- **Exercise objective**
Without any pictures, output the records exactly as they are.

- **Entries supplied**
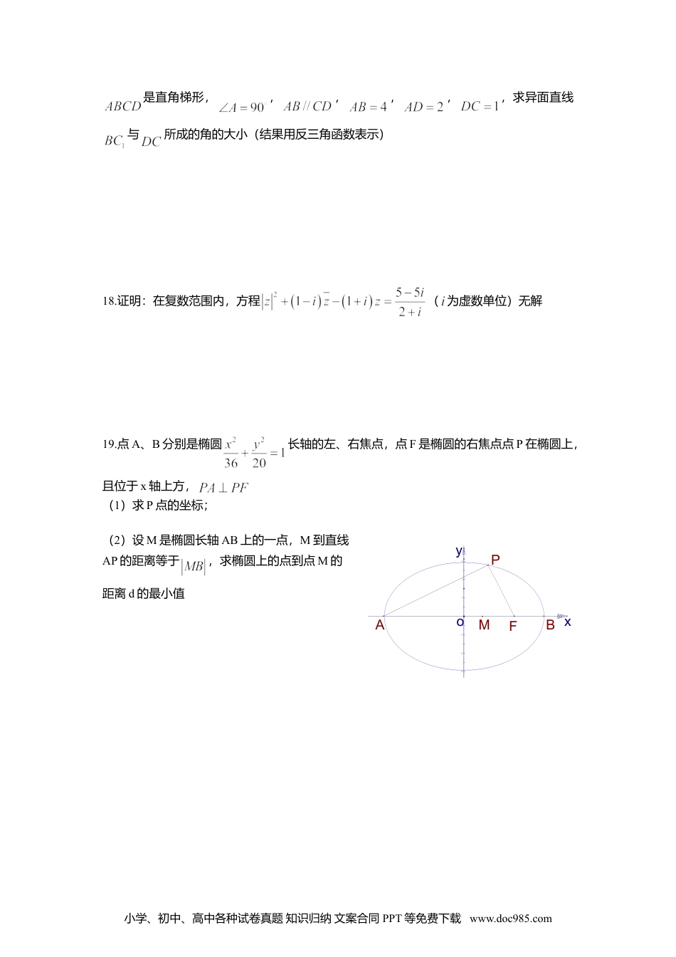 绝密★启用前2005年普通高等学校招生全国统一考试(上海卷)数学试卷(理工农医类)(满分150分,考试时间120分钟)考生注意1.本场考试时间120分钟,试卷共4页,满分150分,答题纸共2页.2.作答前,在答题纸正面填写姓名、准考证号,反面填写姓名,将核对后的条形码贴在答题纸指定位置.3.所有作答务必填涂或书写在答题纸上与试卷题号对应的区域,不得错位.在试卷上作答一律不得分.4.用2B铅笔作答选择题,用黑色字迹钢笔、水笔或圆珠笔作答非选择题.一、填空题()1.函数的反函数________________2.方程的解是___________________3.直角坐标平面中,若定点与动点满足,则点P的轨迹方程是______________4.在的展开式中,的系数是15,则实数______________5.若双曲线的渐近线方程为,它的一个焦点是,则双曲线的方程是____6.将参数方程(为参数)化为普通方程,所得方程是______7.计算:______________8.某班有50名学生,其15人选修A课程,另外35人选修B课程从班级中任选两名学生,他们是选修不同课程的学生的概率是____________(结果用分数表示)9.在中,若,,,则的面积S=_________10.函数的图像与直线又且仅有两个不同的交点,则的取值范围是____________小学、初中、高中各种试卷真题知识归纳文案合同PPT等免费下载www.doc985.com4a5a3a2a4a5a3a2a11.有两个相同的直三棱柱,高为,底面三角形的三边长分别为、、用它们拼成一个三棱柱或四棱柱,在所有可能的情形中,全面积最小的一个是四棱柱,则的取值范围是_______12.用n个不同的实数可得到个不同的排列,每个排列为一行写成一个行的数阵对第行,记例如:用1,2,3可得数阵如下,由于此数阵中每一列各数之和都是12,所以,那么,在用1,2,3,4,5形成的数阵中,___________________二、选择题()13.若函数,则该函数在上是(A)单调递减无最小值(B)单调递减有最小值(C)单调递增无最大值(D)单调递增有最大值14.已知集合,,则等于(A)(B)(C)(D)15.过抛物线的焦点作一条直线与抛物线相交于A、B两点,它们的横坐标之和等于5,则这样的直线(A)又且仅有一条(B)有且仅有两条(C)有无穷多条(D)不存在16.设定义域为为R的函数,则关于的方程有7个不同的实数解得充要条件是(A)且(B)且(C)且(D)且三、解答题17.已知直四棱柱中,,底面小学、初中、高中各种试卷真题知识归纳文案合同PPT等免费下载www.doc985.com123132213231312321D1C1B1A1DCBA是直角梯形,,,,,,求异面直线与所成的角的大小(结果用反三角函数表示)18.证明:在复数范围内,方程(为虚数单位)无解19.点A、B分别是椭圆长轴的左、右焦点,点F是椭圆的右焦点点P在椭圆上,且位于x轴上方,(1)求P点的坐标;(2)设M是椭圆长轴AB上的一点,M到直线AP的距离等于,求椭圆上的点到点M的距离d的最小值小学、初中、高中各种试卷真题知识归纳文案合同PPT等免费下载www.doc985.com321-1-2-3FAPBMoyx20.假设某市2004年新建住房400万平方米,其中有250万平方米是中低价房预计在今后的若干年内,该市每年新建住房面积平均比上一年增长8%,另外,每年新建住房中,中低价房的面积均比上一年增加50万平方米那么,到那一年底,(1)该市历年所建中低价房的累计面积(以2004年为累计的第一年)将首次不少于4750万平方米?(2)当年建造的中低价房的面积占该年建造住房面积的比例首次大于85%?21.(本题满分18分)本题共有3个小题,第1小题满分4分,第2小题满分8分,第3小题满分6分对定义域是.的函数.,规定:函数(1)若函数,,写出函数的解析式;(2)求问题(1)中函数的值域;(3)若,其中是常数,且,请设计一个定义域为R的函数,及一个的值,使得,并予以证明22.在直角坐标平面中,已知点,,,,其中n是正整数对平面上任一点,记为关于点的对称点,为关于点的对称点,为关于点的对称点(1)求向量的坐标;(2)当点在曲线C上移动时,点的轨迹是函数的图像,其中是以3位周期的周期函数,且当时,求以曲线C为图像的函数在上的解析式;小学、初中、高中各种试卷真题知识归纳文案合同PPT等免费下载www.doc985.com(3)对任意偶数n,用n表示向量...
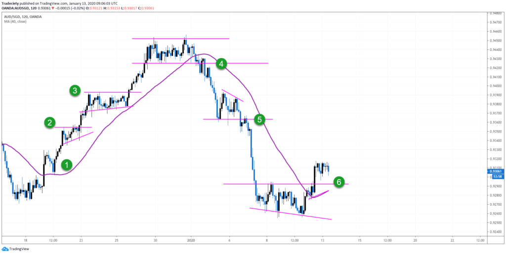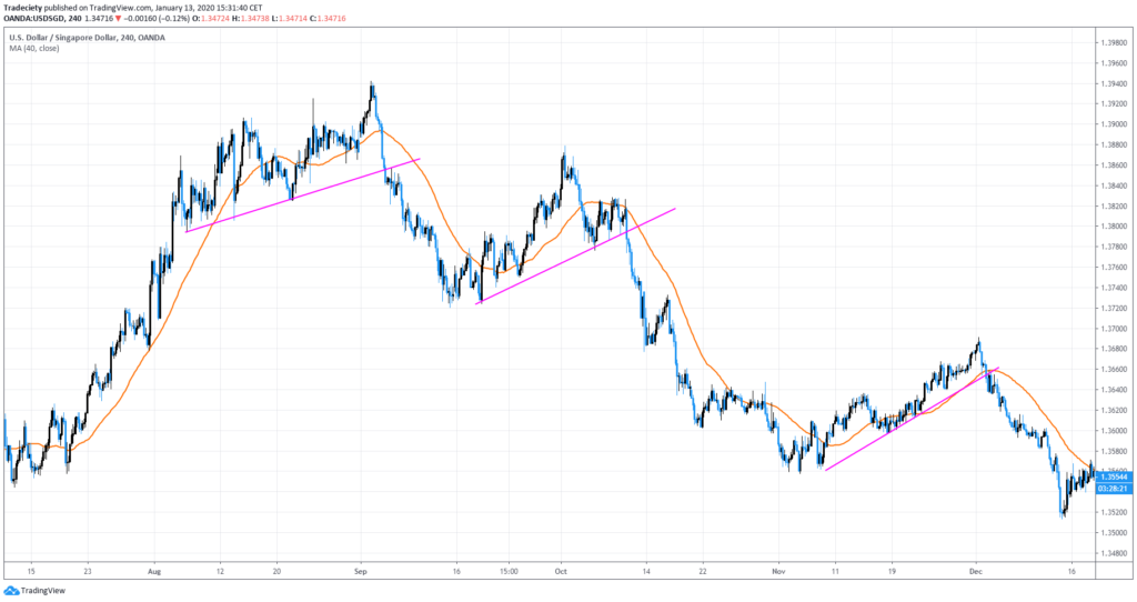 The screenshot below shows the same scenario from above but this time I added a 40-period moving average and trendlines; we will discuss trendlines as strategy 5 in this article.
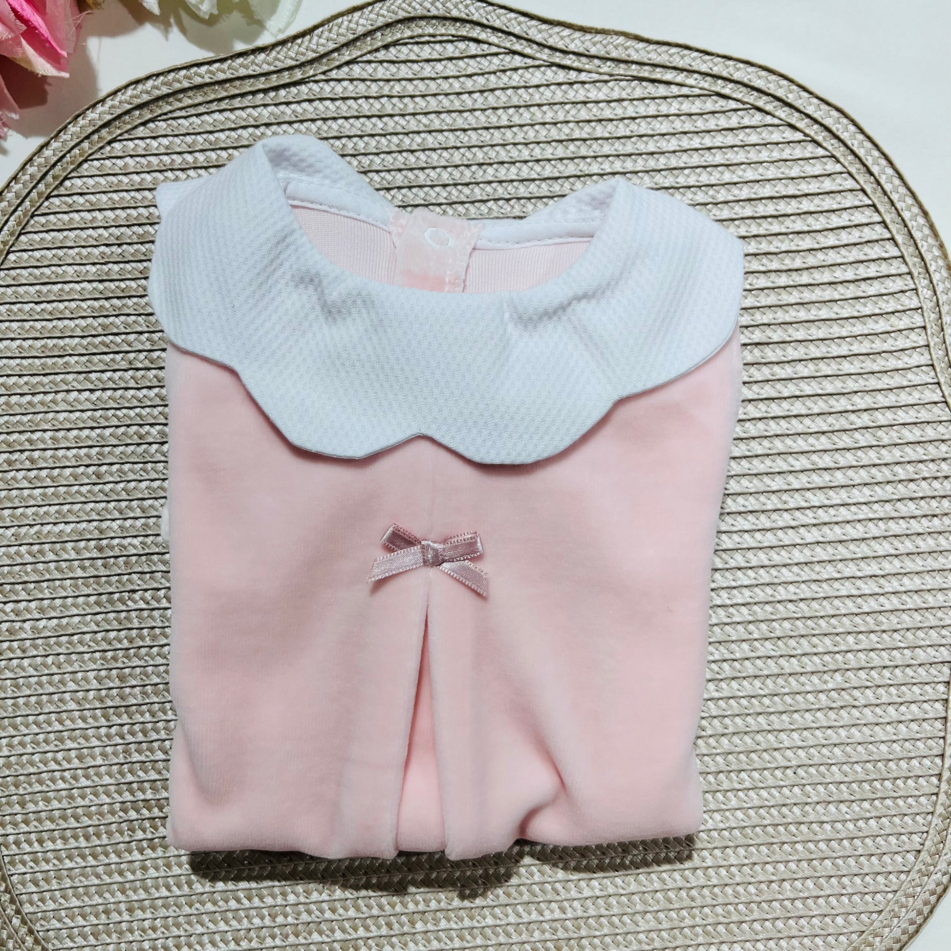 Um lindo babygrow em veludo com gola pique.
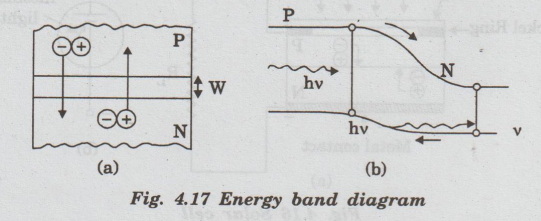 light radiation from sun falls on the P-N junction diode, the photon energy is
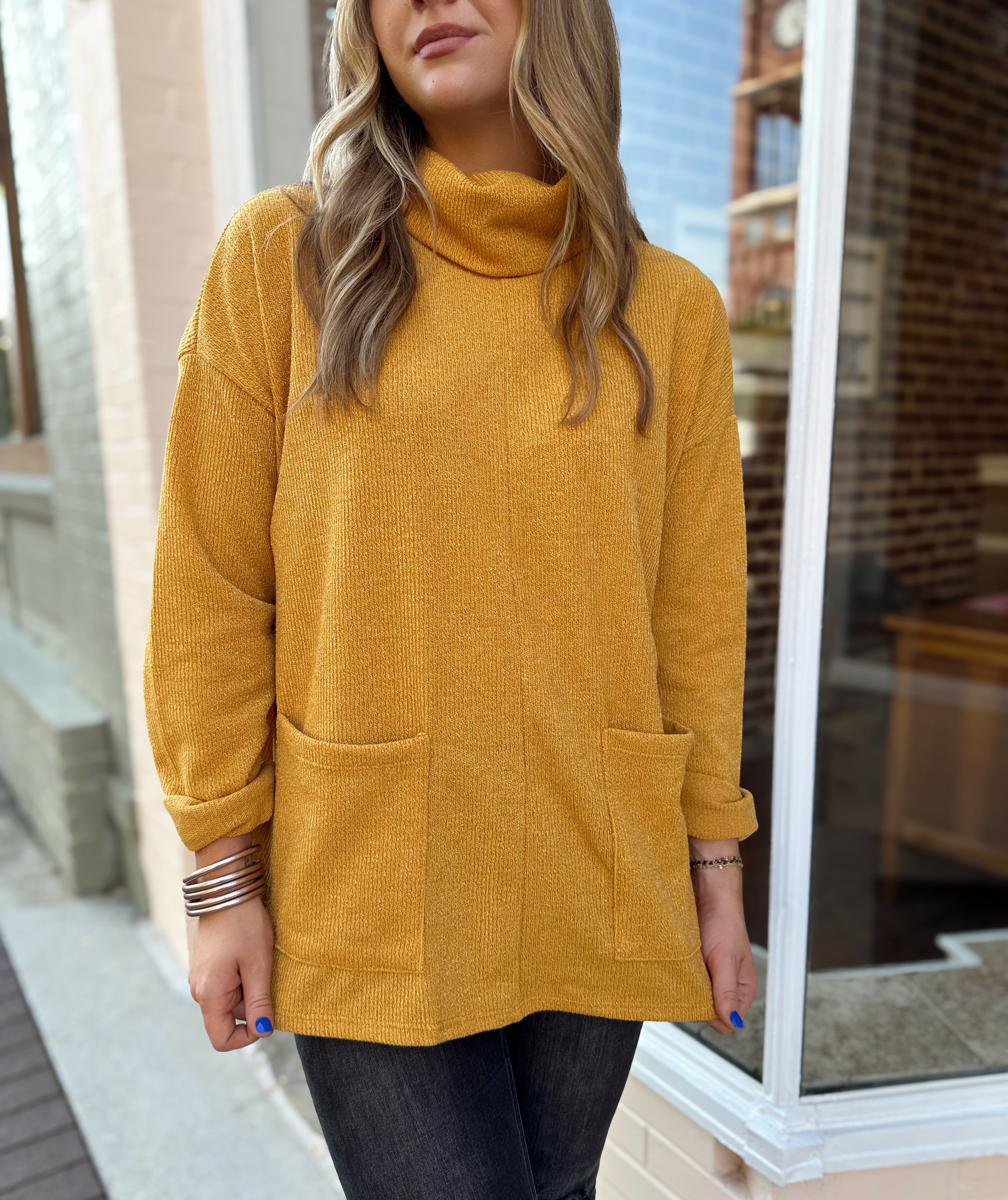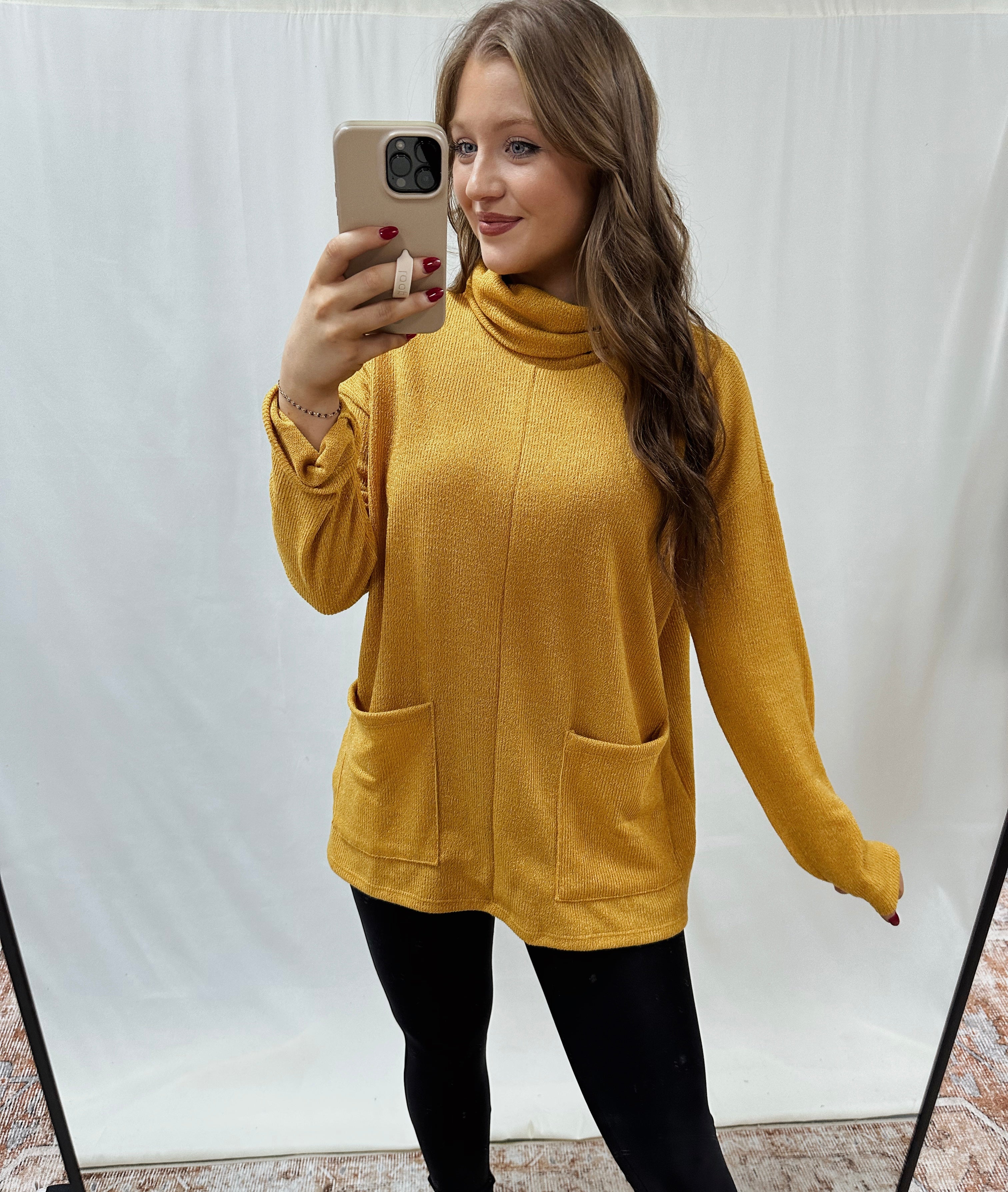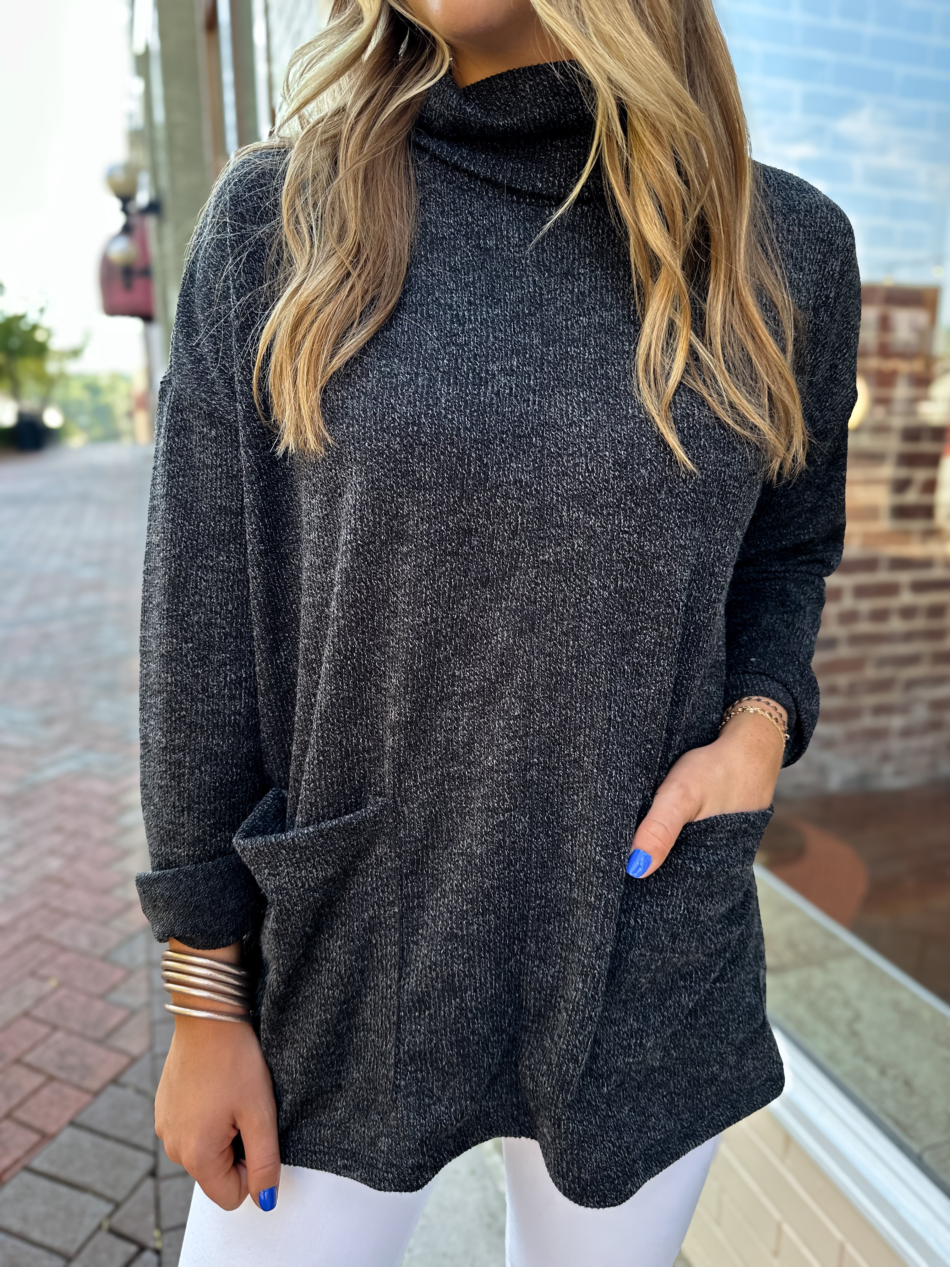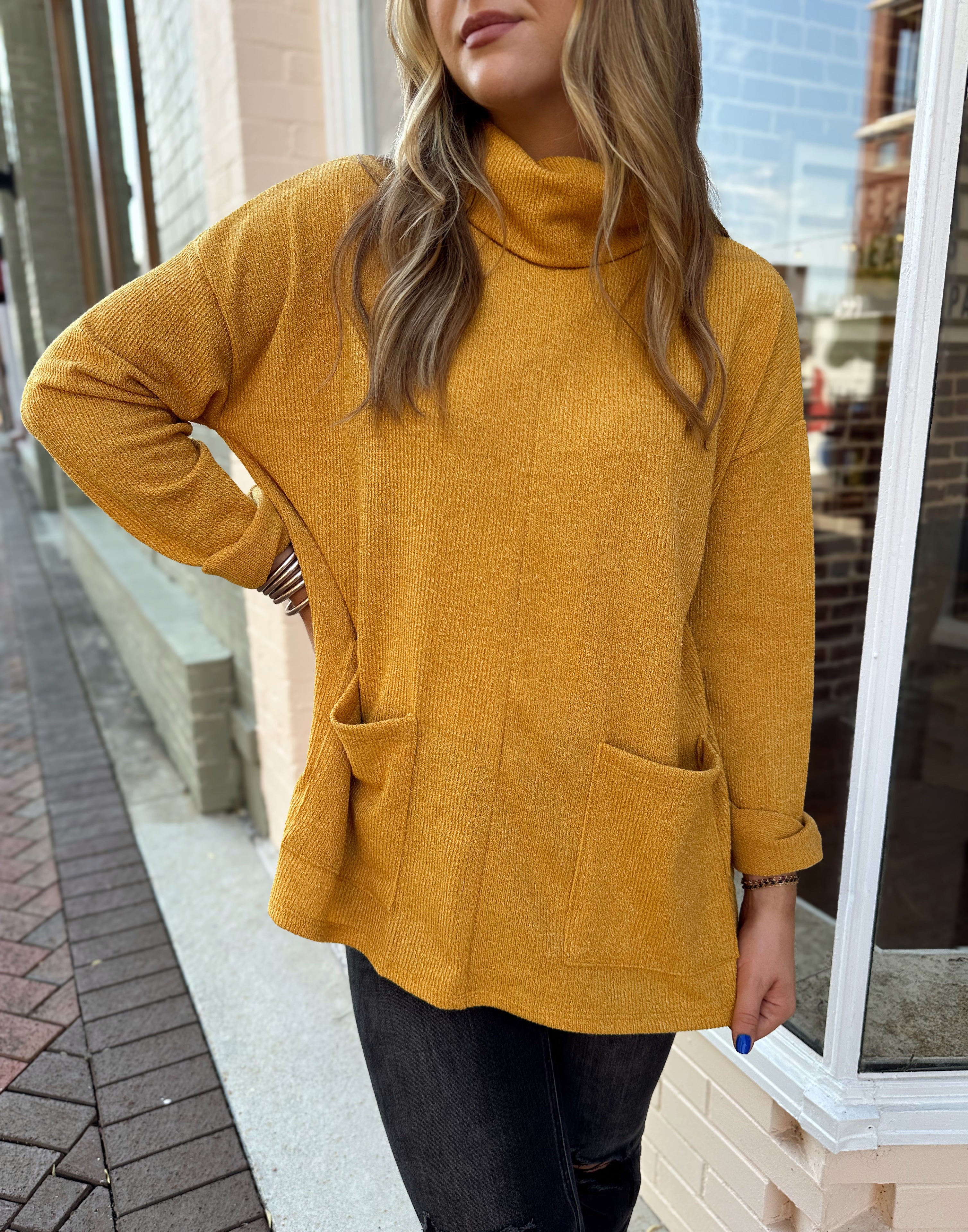 Stay cozy and stylish with our NEW turtleneck sweater! It will fit in perfectly with your everyday wardrobe.

- **Answer to the problem**
 绝密★启用前2005年普通高等学校招生全国统一考试(上海卷)数学试卷(理工农医类)(满分150分,考试时间120分钟)考生注意1.本场考试时间120分钟,试卷共4页,满分150分,答题纸共2页.2.作答前,在答题纸正面填写姓名、准考证号,反面填写姓名,将核对后的条形码贴在答题纸指定位置.3.所有作答务必填涂或书写在答题纸上与试卷题号对应的区域,不得错位.在试卷上作答一律不得分.4.用2B铅笔作答选择题,用黑色字迹钢笔、水笔或圆珠笔作答非选择题.一、填空题()1.函数的反函数________________2.方程的解是___________________3.直角坐标平面中,若定点与动点满足,则点P的轨迹方程是______________4.在的展开式中,的系数是15,则实数______________5.若双曲线的渐近线方程为,它的一个焦点是,则双曲线的方程是____6.将参数方程(为参数)化为普通方程,所得方程是______7.计算:______________8.某班有50名学生,其15人选修A课程,另外35人选修B课程从班级中任选两名学生,他们是选修不同课程的学生的概率是____________(结果用分数表示)9.在中,若,,,则的面积S=_________10.函数的图像与直线又且仅有两个不同的交点,则的取值范围是____________小学、初中、高中各种试卷真题知识归纳文案合同PPT等免费下载www.doc985.com4a5a3a2a4a5a3a2a11.有两个相同的直三棱柱,高为,底面三角形的三边长分别为、、用它们拼成一个三棱柱或四棱柱,在所有可能的情形中,全面积最小的一个是四棱柱,则的取值范围是_______12.用n个不同的实数可得到个不同的排列,每个排列为一行写成一个行的数阵对第行,记例如:用1,2,3可得数阵如下,由于此数阵中每一列各数之和都是12,所以,那么,在用1,2,3,4,5形成的数阵中,___________________二、选择题()13.若函数,则该函数在上是(A)单调递减无最小值(B)单调递减有最小值(C)单调递增无最大值(D)单调递增有最大值14.已知集合,,则等于(A)(B)(C)(D)15.过抛物线的焦点作一条直线与抛物线相交于A、B两点,它们的横坐标之和等于5,则这样的直线(A)又且仅有一条(B)有且仅有两条(C)有无穷多条(D)不存在16.设定义域为为R的函数,则关于的方程有7个不同的实数解得充要条件是(A)且(B)且(C)且(D)且三、解答题17.已知直四棱柱中,,底面小学、初中、高中各种试卷真题知识归纳文案合同PPT等免费下载www.doc985.com123132213231312321D1C1B1A1DCBA是直角梯形,,,,,,求异面直线与所成的角的大小(结果用反三角函数表示)18.证明:在复数范围内,方程(为虚数单位)无解19.点A、B分别是椭圆长轴的左、右焦点,点F是椭圆的右焦点点P在椭圆上,且位于x轴上方,(1)求P点的坐标;(2)设M是椭圆长轴AB上的一点,M到直线AP的距离等于,求椭圆上的点到点M的距离d的最小值小学、初中、高中各种试卷真题知识归纳文案合同PPT等免费下载www.doc985.com321-1-2-3FAPBMoyx20.假设某市2004年新建住房400万平方米,其中有250万平方米是中低价房预计在今后的若干年内,该市每年新建住房面积平均比上一年增长8%,另外,每年新建住房中,中低价房的面积均比上一年增加50万平方米那么,到那一年底,(1)该市历年所建中低价房的累计面积(以2004年为累计的第一年)将首次不少于4750万平方米?(2)当年建造的中低价房的面积占该年建造住房面积的比例首次大于85%?21.(本题满分18分)本题共有3个小题,第1小题满分4分,第2小题满分8分,第3小题满分6分对定义域是.的函数.,规定:函数(1)若函数,,写出函数的解析式;(2)求问题(1)中函数的值域;(3)若,其中是常数,且,请设计一个定义域为R的函数,及一个的值,使得,并予以证明22.在直角坐标平面中,已知点,,,,其中n是正整数对平面上任一点,记为关于点的对称点,为关于点的对称点,为关于点的对称点(1)求向量的坐标;(2)当点在曲线C上移动时,点的轨迹是函数的图像,其中是以3位周期的周期函数,且当时,求以曲线C为图像的函数在上的解析式;小学、初中、高中各种试卷真题知识归纳文案合同PPT等免费下载www.doc985.com(3)对任意偶数n,用n表示向量...
 The screenshot below shows the same scenario from above but this time I added a 40-period moving average and trendlines; we will discuss trendlines as strategy 5 in this article.
 Um lindo babygrow em veludo com gola pique.
 light radiation from sun falls on the P-N junction diode, the photon energy is
 Stay cozy and stylish with our NEW turtleneck sweater! It will fit in perfectly with your everyday wardrobe.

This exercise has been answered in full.